(DATASET SECTION)
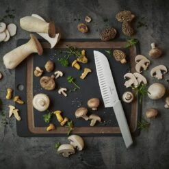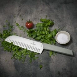 - Swiss made Santoku knife with fluted edge
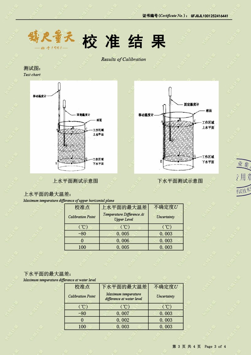 高精度制冷恒溫槽(-80~100℃)校準(zhǔn)證書(shū)
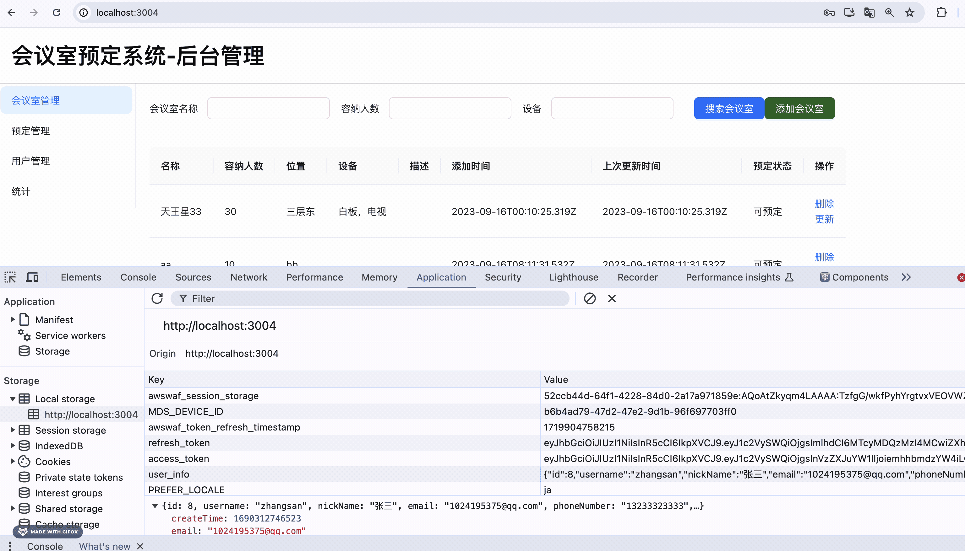 登录之后,我们会在 localStorage 保存 access_token、refresh_token、user_info 的信息:
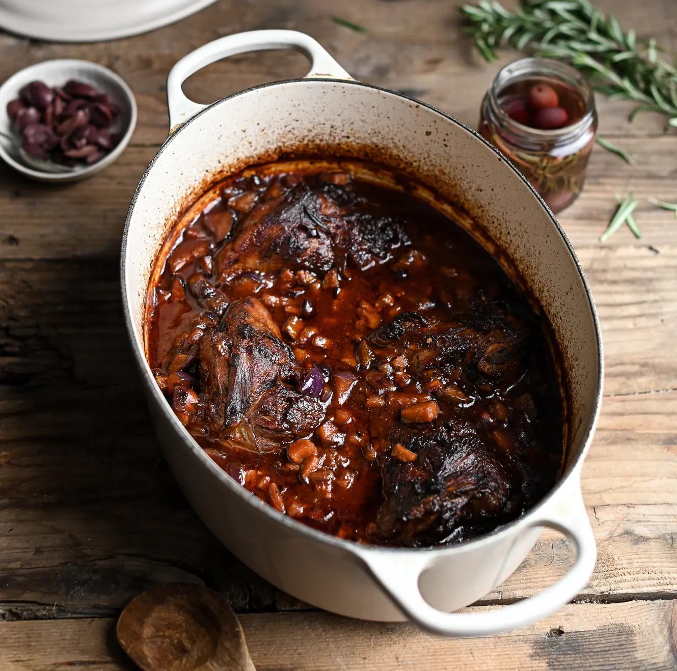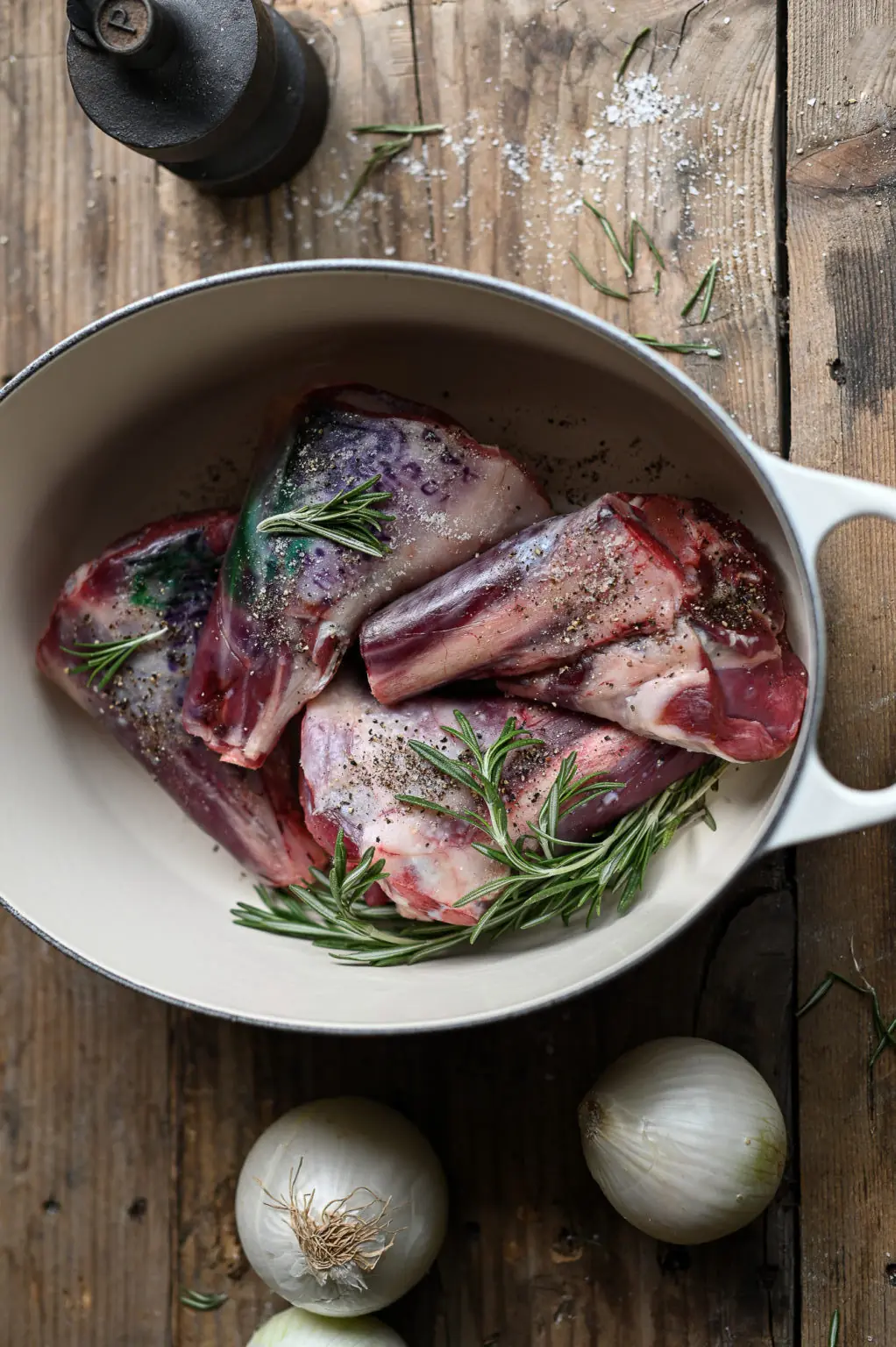 Pour in Chicken Stock (2 cups) and return the shanks to the pot. Bring to a simmer then cover the casserole with its lid and cook the shanks in the oven for 30 minutes.
(End DATASET SECTION)
The lines to be extracted begin at the line containing "登录之后,我们会在 localStorage 保存" and continue through the final line of the material above, both ends included. Reproduce them exactly, without the pictures.

 登录之后,我们会在 localStorage 保存 access_token、refresh_token、user_info 的信息:
 Pour in Chicken Stock (2 cups) and return the shanks to the pot. Bring to a simmer then cover the casserole with its lid and cook the shanks in the oven for 30 minutes.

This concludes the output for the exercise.